Norman Adam, Taylor Julian, Tanaka Emi, Telfer Paul, Edwards James, Martinant Jean-Pierre, Kuchel Haydn
School of Agriculture, Food and Wine, University of Adelaide, Waite Campus, Glen Osmond, SA, Australia.
Australian Grain Technologies Pty Ltd, Perkins Building, Roseworthy Campus, Roseworthy, SA, Australia.
Theor Appl Genet. 2017 Dec;130(12):2543-2555. doi: 10.1007/s00122-017-2975-4. Epub 2017 Sep 8.
Genomic prediction accuracy within a large panel was found to be substantially higher than that previously observed in smaller populations, and also higher than QTL-based prediction. In recent years, genomic selection for wheat breeding has been widely studied, but this has typically been restricted to population sizes under 1000 individuals. To assess its efficacy in germplasm representative of commercial breeding programmes, we used a panel of 10,375 Australian wheat breeding lines to investigate the accuracy of genomic prediction for grain yield, physical grain quality and other physiological traits. To achieve this, the complete panel was phenotyped in a dedicated field trial and genotyped using a custom Axiom Affymetrix SNP array. A high-quality consensus map was also constructed, allowing the linkage disequilibrium present in the germplasm to be investigated. Using the complete SNP array, genomic prediction accuracies were found to be substantially higher than those previously observed in smaller populations and also more accurate compared to prediction approaches using a finite number of selected quantitative trait loci. Multi-trait genetic correlations were also assessed at an additive and residual genetic level, identifying a negative genetic correlation between grain yield and protein as well as a positive genetic correlation between grain size and test weight.

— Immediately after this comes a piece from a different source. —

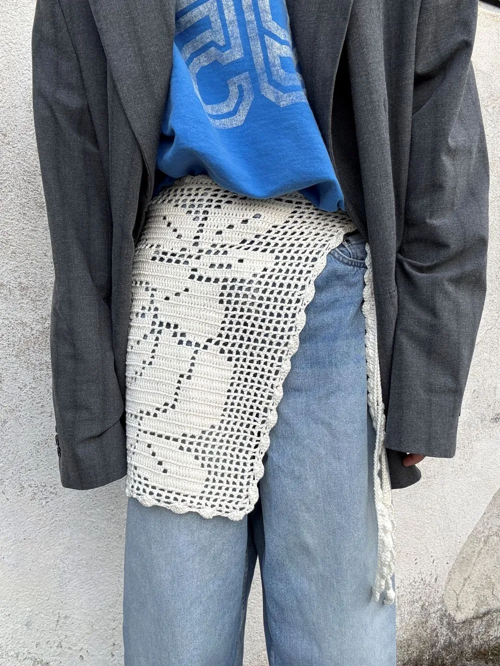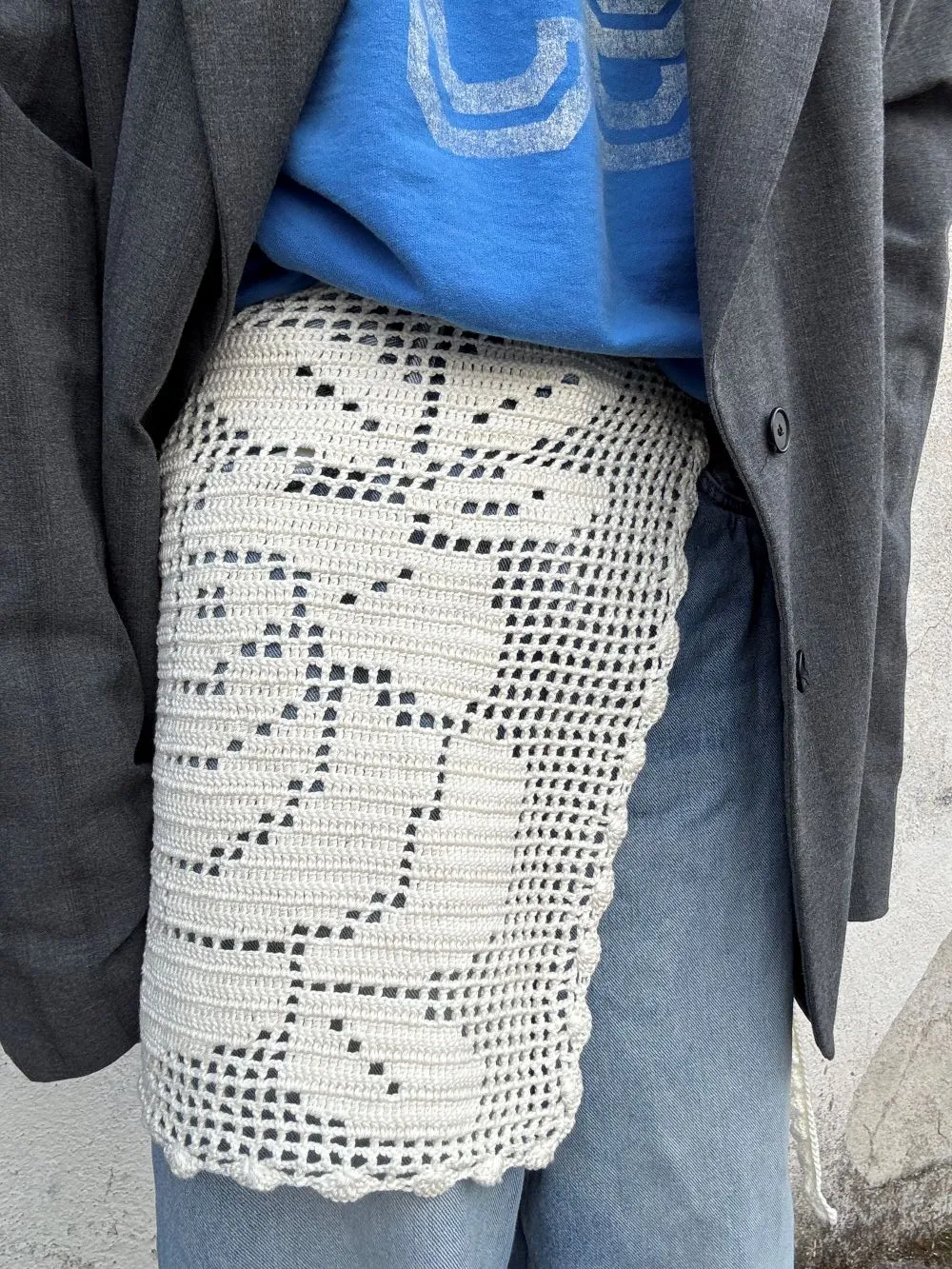 The Flower Apron Skirt is crocheted from the bottom up. It is made using double crochet stitches and chain stitches.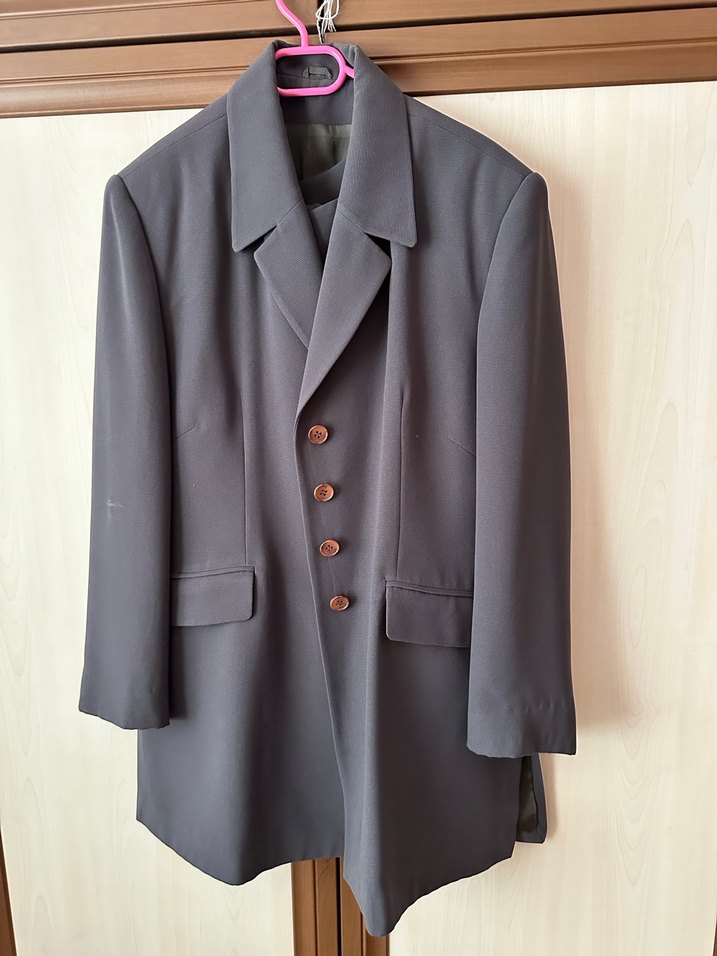 Gri renkte, düğmeli kadın takımı ceket etek bluz Normal uzunlukta

研究发现,在一个大型群体中,基因组预测准确性显著高于此前在较小群体中观察到的准确性,也高于基于QTL的预测。近年来,小麦育种的基因组选择已得到广泛研究,但通常局限于个体数量在1000以下的群体。为了评估其在代表商业育种计划的种质中的效果,我们使用了由10375个澳大利亚小麦育种品系组成的群体,来研究产量、籽粒物理品质和其他生理性状的基因组预测准确性。为此,在一个专门的田间试验中对整个群体进行了表型分析,并使用定制的Affymetrix Axiom SNP芯片进行基因分型。还构建了一个高质量的一致性图谱,以便研究种质中存在的连锁不平衡。使用完整的SNP芯片,发现基因组预测准确性显著高于此前在较小群体中观察到的准确性,并且与使用有限数量选定数量性状位点的预测方法相比更准确。还在加性和残差遗传水平上评估了多性状遗传相关性,确定了产量与蛋白质之间的负遗传相关性以及籽粒大小与容重之间的正遗传相关性。